[DATA Boundary: Start]
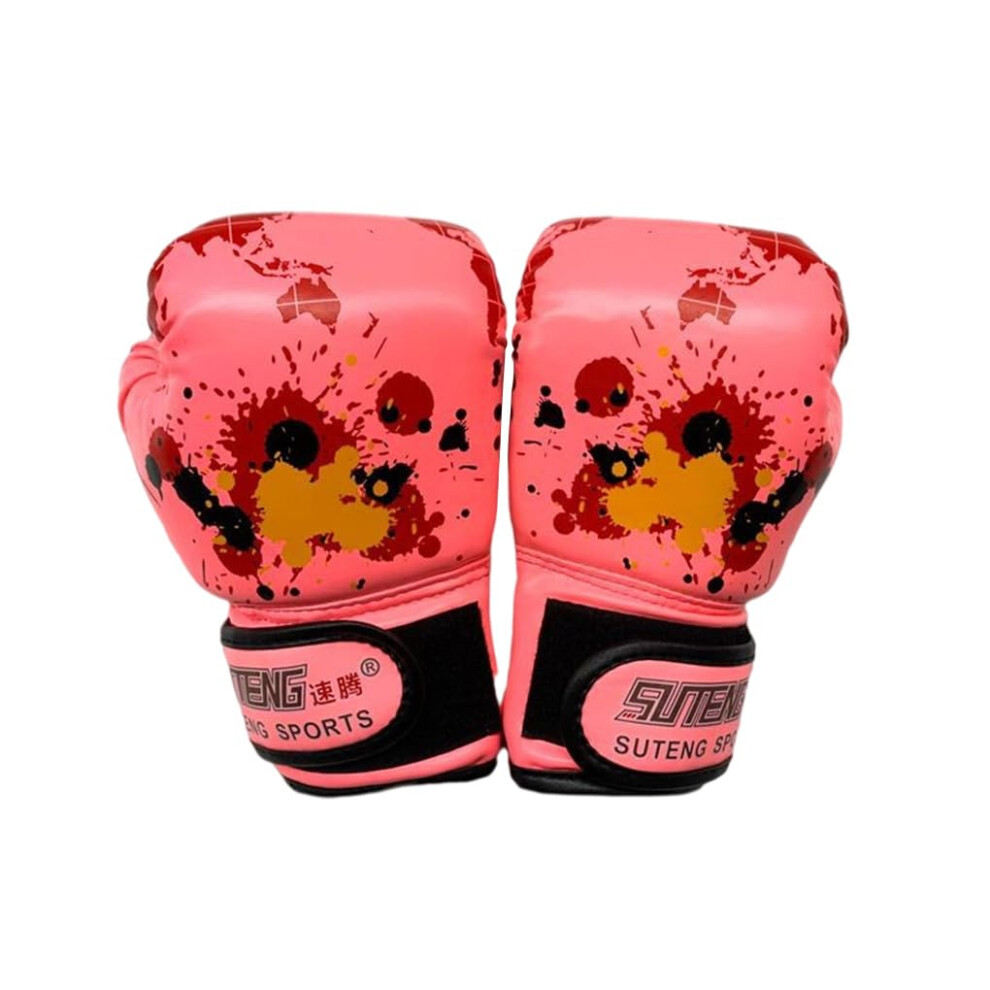 Children's Boxing Gloves PU Leather Sparring Gloves for Kids, Pink, Punch Bag Training, Size Adjustable, Durable Material
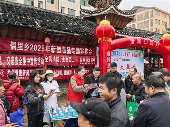 11月11日,貴州錦屏縣偶里鄉(xiāng)平安法治辦聯(lián)合鄉(xiāng)綜合治理服務(wù)中心、派出所,在偶里鄉(xiāng)寨歐村廣場以“積分+禁毒”的新模式開展禁毒宣傳活動(dòng),將禁毒知識(shí)以聽得懂、記得住、用得著的形式帶到群眾身邊。
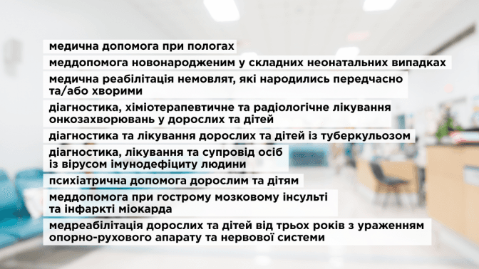 Тож тепер лікування інсульту, інфаркту, пологи, неонатальна допомога та рання онкодіагностика будуть пріоритетом. До їх надання є досить високі вимоги. Лікарні, де можуть надати ці послуги, повинні мати відповідні обладнання та спеціалістів. Будуть встановлені певні заклади в тому чи тому регіоні, де надаватимуть таку допомогу, і пацієнта везтимуть саме туди. Лікарні, що не відповідають вимогам, контрактуватись на ці послуги НСЗУ не будуть.
[DATA Boundary: End]
### [WHAT YOU WILL DO]
Repeat exactly and only the lines from the start of the data above through the line that holds "11月11日,貴州錦屏縣偶里", inclusive. Pictures do not belong in the copy.

### [RESULT OF THE TASK]
 Children's Boxing Gloves PU Leather Sparring Gloves for Kids, Pink, Punch Bag Training, Size Adjustable, Durable Material
 11月11日,貴州錦屏縣偶里鄉(xiāng)平安法治辦聯(lián)合鄉(xiāng)綜合治理服務(wù)中心、派出所,在偶里鄉(xiāng)寨歐村廣場以“積分+禁毒”的新模式開展禁毒宣傳活動(dòng),將禁毒知識(shí)以聽得懂、記得住、用得著的形式帶到群眾身邊。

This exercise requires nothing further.